What if you are both right? Maybe there was a time frame (early TOC) where plain was more prevalent and then painted ones came into style (early teens?) and outnumbered the plain ones. Nothing to back that up, just a thought.

and here is a page from a 1918 CCM catalog:

View attachment 87166


----------



## pelletman (Mar 6, 2013)

That is true.  I like and see mostly pre TOC stuff


----------



## rustyspoke66 (Mar 6, 2013)

I know for sure I have had at least four different era wood rim bikes and all of them had original painted rims but with close to 90% of the paint gone. starting with My 1895ish Napoleon which had blue and black painted rims, My 1922 Columbia which had green and black and so on. I have also noticed that most bicycle specs when you come across them the rims are offered Painted not natural wood. Basically I think paint was a way to dress the rims up and protect them. I'm not saying they were not offered in natural but in the short time I have been into collecting the earlier bicycles I have found painted rims most of the time. I will compile some actual catalog pages to back up this theory a little better. love that sample chart above!


----------



## rustyspoke66 (Mar 6, 2013)

Looks like Racycle 1907, Columbia 1900 and many years of Sears bicycles all had painted wood rims for sure. There should be more to add to the list but I guess my point is that it seems like most of the bikes guys are putting the new clincher 700c wood rims on may have came originally with painted wood rims. I guess the important thing is that everyone ends up with what the want and has fun. I know retail is about 99.00 each for the P35 rims but I do not know what they charge for the wood/carbon fiber rims. Plenty of catalogs to look at in this link, I'll try to post some stuff this week as well.
http://thecabe.com/vbulletin/showthread.php?23765-catalog-challenge!&highlight=catalog
http://thecabe.com/vbulletin/album.php?albumid=1085


----------



## Gary Mc (Mar 7, 2013)

rustyspoke66 said:


> I guess the important thing is that everyone ends up with what the want and has fun. I know retail is about 99.00 each for the P35 rims but I do not know what they charge for the wood/carbon fiber rims.




Ghisallo wood/carbon fiber rims are $195 each.  I just bought a new set of Velocity Blunt 35s (replaced P35s) on ebay for $45 each.  To me if you are going to paint them go with the P35 option.  If you just want the natural wood look, I love the wood/carbon fiber option offered by Ghisallo.  And I completely agree with "important thing is that everyone ends up with what they want and has fun".  My Hartford I just wanted the wood look for fun & to see the look on peoples faces who have never seen wood wheels outside of a book so went Ghisallo wood/carbon fiber option. I got the added carbon so I could run 55-60 lbs pressure in the tires.  On my Stutz, I wanted to paint them to get the look of the bike I wanted so I opted for the Blunt 35's.  To me it's about preference and having fun with it.  

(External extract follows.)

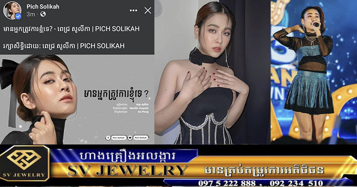 ភ្នំពេញ ៖ តារាចម្រៀងនាង ពេជ្រ សូលីកា បានប្រកាសចាត់វិធានការទៅលើជនអនាមិក ដែលបានលួចចែកចាយបទចម្រៀងមួយបទ របស់នាងដោយគ្មានការអនុញ្ញាត នៅលើបណ្តាញសង្គមហ្វេសប៊ុក។
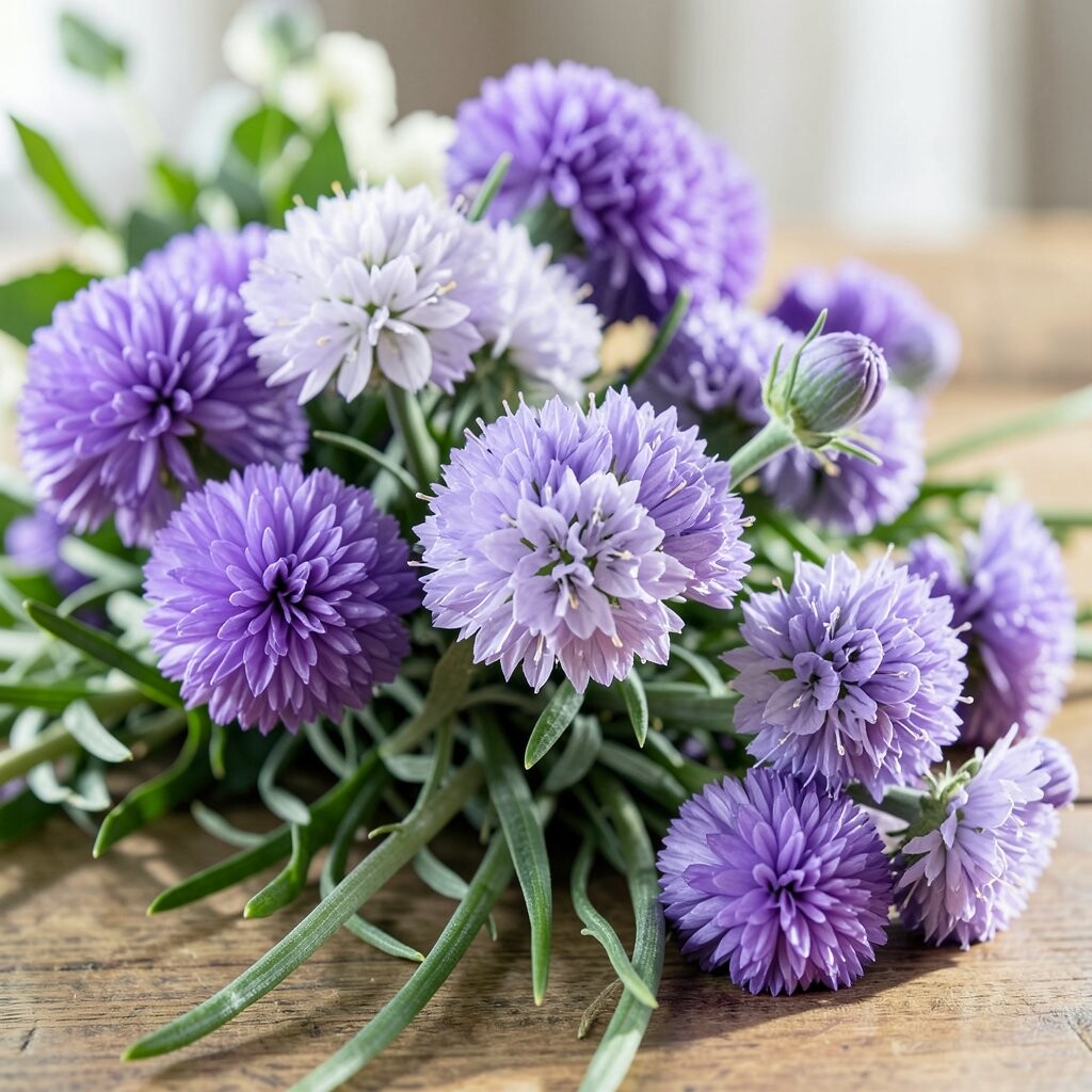 14. Chive Blossoms for Purple Pom-Poms

I have old TOC catalogs that show both painted & natural rims.  I'll try to dig them out. One thing I have noticed is predominance of racers had natural wood whereas roadsters had painted.

Here's the Ghisallo's.


----------



## filmonger (Mar 7, 2013)

*RE: Wooden rims*

First - I would like to say that it was a cool video.... secondly, I would like to say everyone is right to a degree so far. P-35's are cheaper and fit the bill very well, Modern clincher wood rims are great but only can take pressures up 65psi otherwise you are very likely to have the side of your rim splinter. Modern wooden clinchers with metal inserts ( Stutzman ) or Carbon ( Ghisallo ) are designed so that the wooden rims can take higher tire pressures of modern tires.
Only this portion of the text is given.